# [Assignment]
Repeat everything in the data exactly except images.
━━ Source data
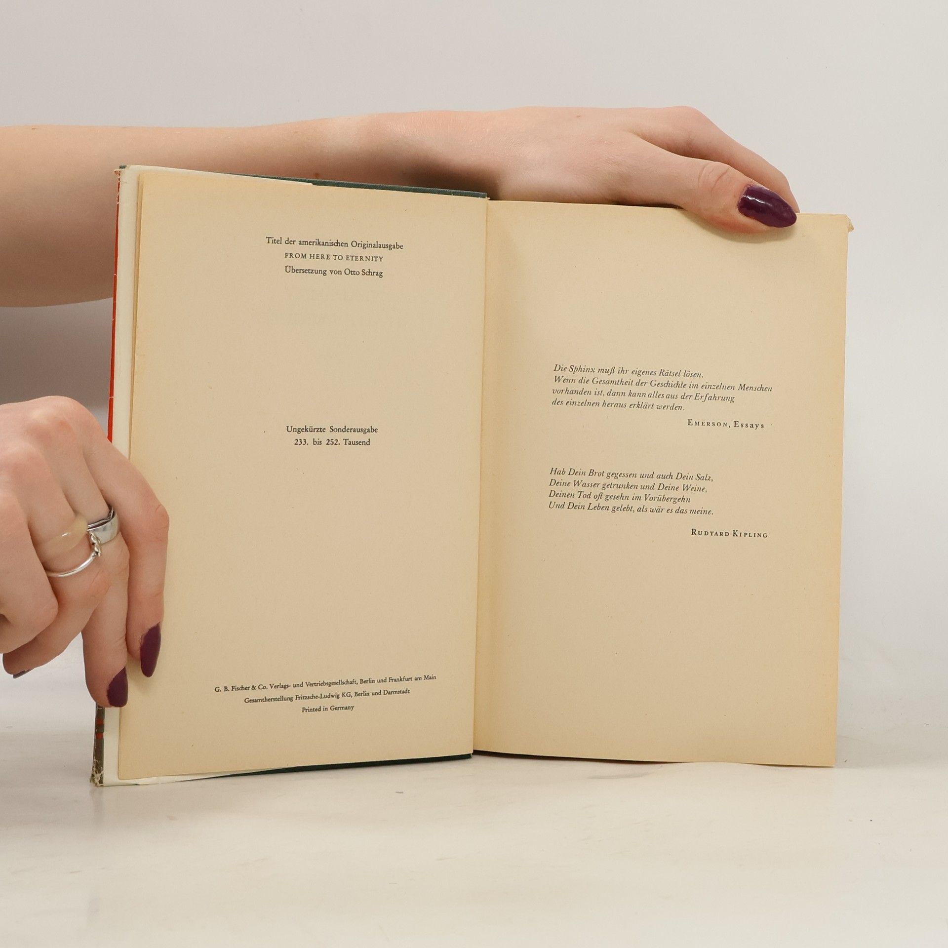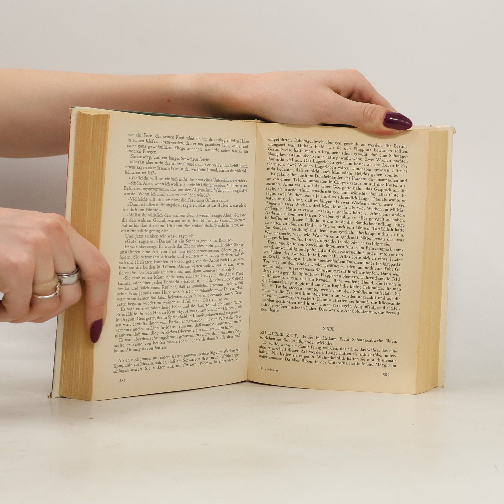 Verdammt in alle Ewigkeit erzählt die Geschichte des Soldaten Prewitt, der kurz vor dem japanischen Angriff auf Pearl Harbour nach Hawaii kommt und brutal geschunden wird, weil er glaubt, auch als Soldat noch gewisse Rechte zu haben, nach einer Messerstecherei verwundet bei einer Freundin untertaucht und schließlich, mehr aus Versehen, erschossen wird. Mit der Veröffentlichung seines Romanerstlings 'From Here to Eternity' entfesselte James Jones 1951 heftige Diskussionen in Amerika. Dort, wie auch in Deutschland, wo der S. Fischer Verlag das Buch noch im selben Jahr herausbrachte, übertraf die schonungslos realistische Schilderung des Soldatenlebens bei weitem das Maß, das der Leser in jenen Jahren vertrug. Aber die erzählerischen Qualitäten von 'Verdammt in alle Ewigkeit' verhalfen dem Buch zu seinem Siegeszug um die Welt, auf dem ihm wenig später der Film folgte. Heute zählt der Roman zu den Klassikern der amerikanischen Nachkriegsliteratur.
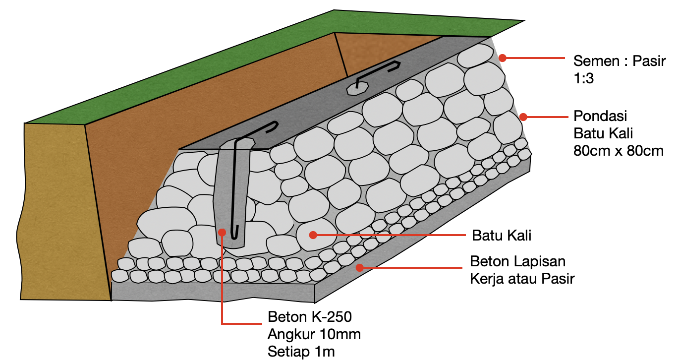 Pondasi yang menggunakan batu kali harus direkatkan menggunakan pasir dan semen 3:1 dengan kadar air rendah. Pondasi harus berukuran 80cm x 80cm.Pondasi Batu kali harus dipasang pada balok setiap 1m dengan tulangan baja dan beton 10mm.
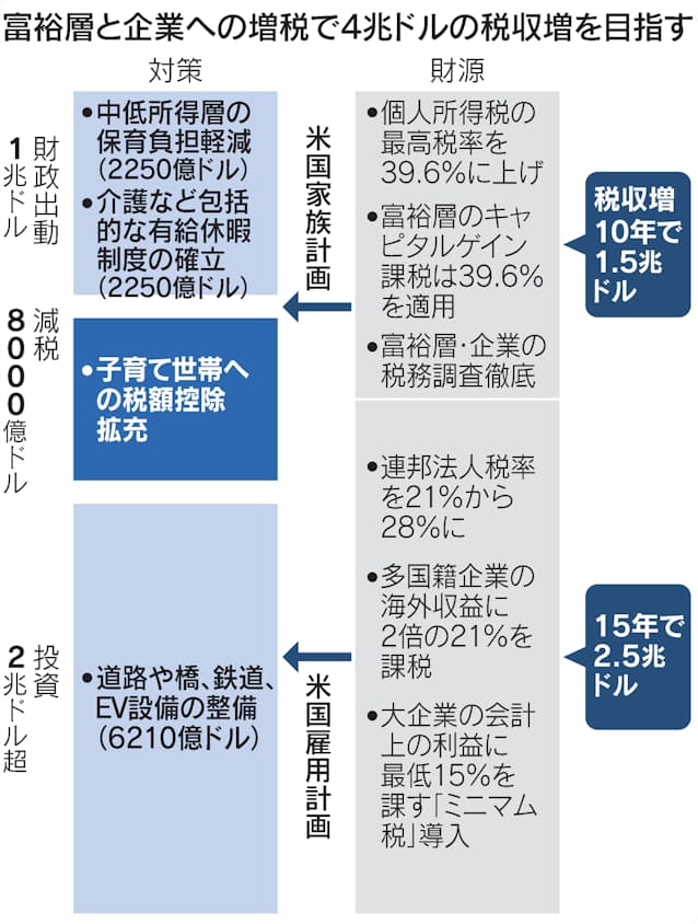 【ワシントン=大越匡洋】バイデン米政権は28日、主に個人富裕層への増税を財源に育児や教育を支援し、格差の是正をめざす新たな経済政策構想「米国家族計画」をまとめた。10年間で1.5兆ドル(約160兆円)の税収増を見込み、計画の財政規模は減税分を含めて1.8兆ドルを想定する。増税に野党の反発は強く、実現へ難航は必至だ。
━━━━
# [Solution to this problem]
 Verdammt in alle Ewigkeit erzählt die Geschichte des Soldaten Prewitt, der kurz vor dem japanischen Angriff auf Pearl Harbour nach Hawaii kommt und brutal geschunden wird, weil er glaubt, auch als Soldat noch gewisse Rechte zu haben, nach einer Messerstecherei verwundet bei einer Freundin untertaucht und schließlich, mehr aus Versehen, erschossen wird. Mit der Veröffentlichung seines Romanerstlings 'From Here to Eternity' entfesselte James Jones 1951 heftige Diskussionen in Amerika. Dort, wie auch in Deutschland, wo der S. Fischer Verlag das Buch noch im selben Jahr herausbrachte, übertraf die schonungslos realistische Schilderung des Soldatenlebens bei weitem das Maß, das der Leser in jenen Jahren vertrug. Aber die erzählerischen Qualitäten von 'Verdammt in alle Ewigkeit' verhalfen dem Buch zu seinem Siegeszug um die Welt, auf dem ihm wenig später der Film folgte. Heute zählt der Roman zu den Klassikern der amerikanischen Nachkriegsliteratur.
 Pondasi yang menggunakan batu kali harus direkatkan menggunakan pasir dan semen 3:1 dengan kadar air rendah. Pondasi harus berukuran 80cm x 80cm.Pondasi Batu kali harus dipasang pada balok setiap 1m dengan tulangan baja dan beton 10mm.
 【ワシントン=大越匡洋】バイデン米政権は28日、主に個人富裕層への増税を財源に育児や教育を支援し、格差の是正をめざす新たな経済政策構想「米国家族計画」をまとめた。10年間で1.5兆ドル(約160兆円)の税収増を見込み、計画の財政規模は減税分を含めて1.8兆ドルを想定する。増税に野党の反発は強く、実現へ難航は必至だ。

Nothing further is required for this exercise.